◆ **Task to complete**
Copy every entry exactly, but skip the pictures.

╭──

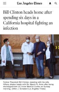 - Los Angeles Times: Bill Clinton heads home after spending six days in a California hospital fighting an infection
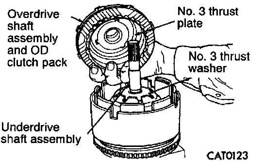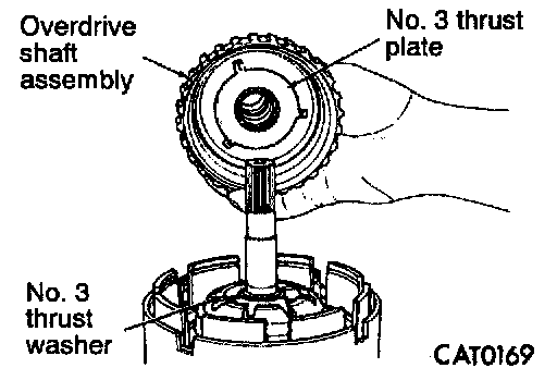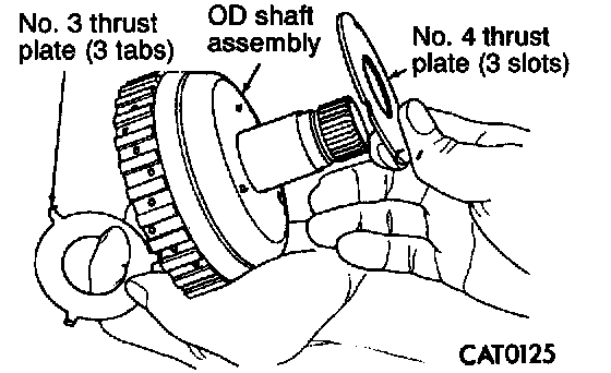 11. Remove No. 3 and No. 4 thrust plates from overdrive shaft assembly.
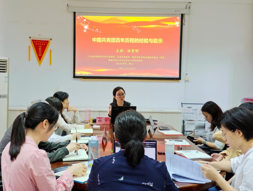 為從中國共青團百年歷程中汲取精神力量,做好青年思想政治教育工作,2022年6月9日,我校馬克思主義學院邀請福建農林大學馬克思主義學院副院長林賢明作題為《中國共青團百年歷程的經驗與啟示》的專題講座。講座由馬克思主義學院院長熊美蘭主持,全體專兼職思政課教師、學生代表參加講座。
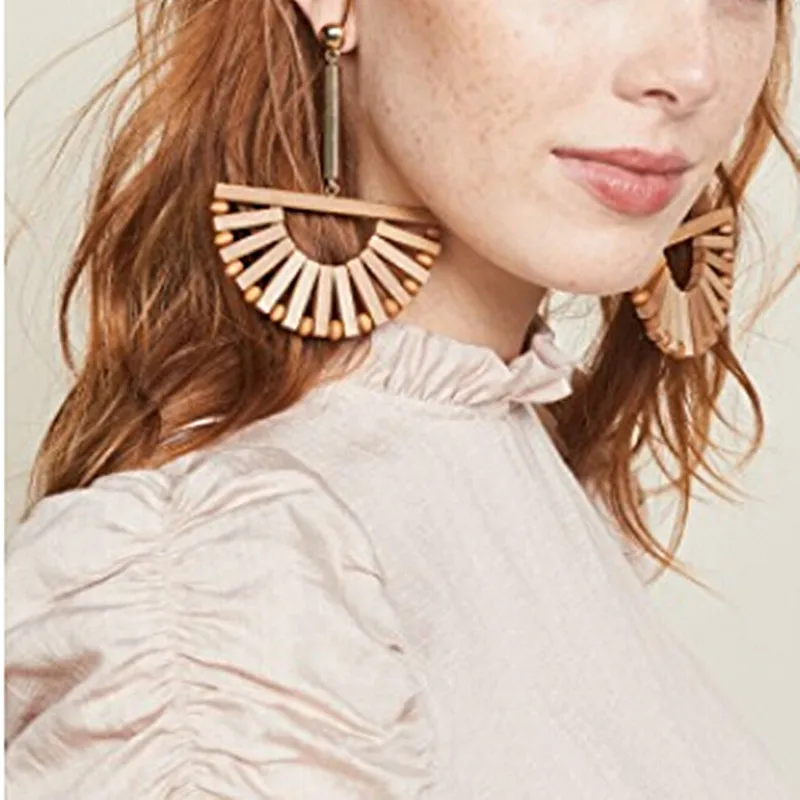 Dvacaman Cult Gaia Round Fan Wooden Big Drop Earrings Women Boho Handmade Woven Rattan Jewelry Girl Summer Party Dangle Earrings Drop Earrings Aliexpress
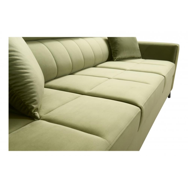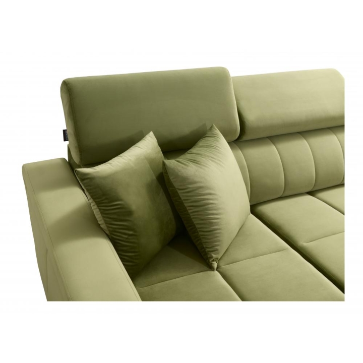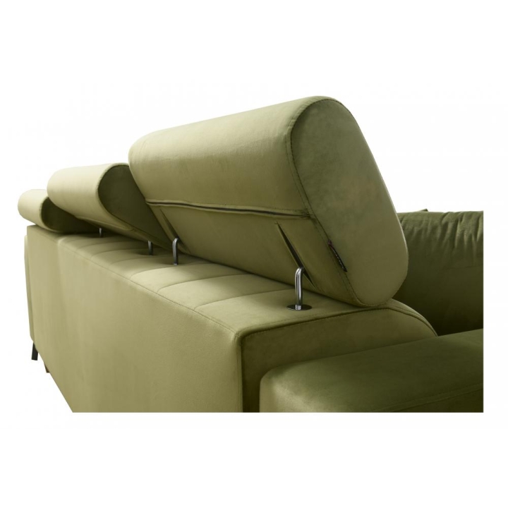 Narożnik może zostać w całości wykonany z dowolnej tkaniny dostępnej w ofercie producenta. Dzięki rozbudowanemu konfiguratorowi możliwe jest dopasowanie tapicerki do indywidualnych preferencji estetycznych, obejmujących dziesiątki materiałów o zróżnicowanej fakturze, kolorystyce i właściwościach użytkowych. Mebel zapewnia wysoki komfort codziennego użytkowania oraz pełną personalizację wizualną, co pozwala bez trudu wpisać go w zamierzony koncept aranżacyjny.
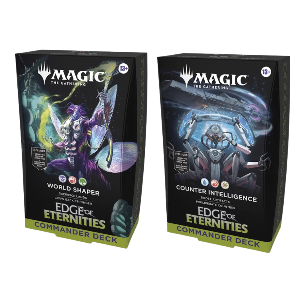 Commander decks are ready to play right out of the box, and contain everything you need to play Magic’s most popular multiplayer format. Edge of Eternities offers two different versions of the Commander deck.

╰──

◆ **Exercise answer**
 - Los Angeles Times: Bill Clinton heads home after spending six days in a California hospital fighting an infection
 11. Remove No. 3 and No. 4 thrust plates from overdrive shaft assembly.
 為從中國共青團百年歷程中汲取精神力量,做好青年思想政治教育工作,2022年6月9日,我校馬克思主義學院邀請福建農林大學馬克思主義學院副院長林賢明作題為《中國共青團百年歷程的經驗與啟示》的專題講座。講座由馬克思主義學院院長熊美蘭主持,全體專兼職思政課教師、學生代表參加講座。
 Dvacaman Cult Gaia Round Fan Wooden Big Drop Earrings Women Boho Handmade Woven Rattan Jewelry Girl Summer Party Dangle Earrings Drop Earrings Aliexpress
 Narożnik może zostać w całości wykonany z dowolnej tkaniny dostępnej w ofercie producenta. Dzięki rozbudowanemu konfiguratorowi możliwe jest dopasowanie tapicerki do indywidualnych preferencji estetycznych, obejmujących dziesiątki materiałów o zróżnicowanej fakturze, kolorystyce i właściwościach użytkowych. Mebel zapewnia wysoki komfort codziennego użytkowania oraz pełną personalizację wizualną, co pozwala bez trudu wpisać go w zamierzony koncept aranżacyjny.
 Commander decks are ready to play right out of the box, and contain everything you need to play Magic’s most popular multiplayer format. Edge of Eternities offers two different versions of the Commander deck.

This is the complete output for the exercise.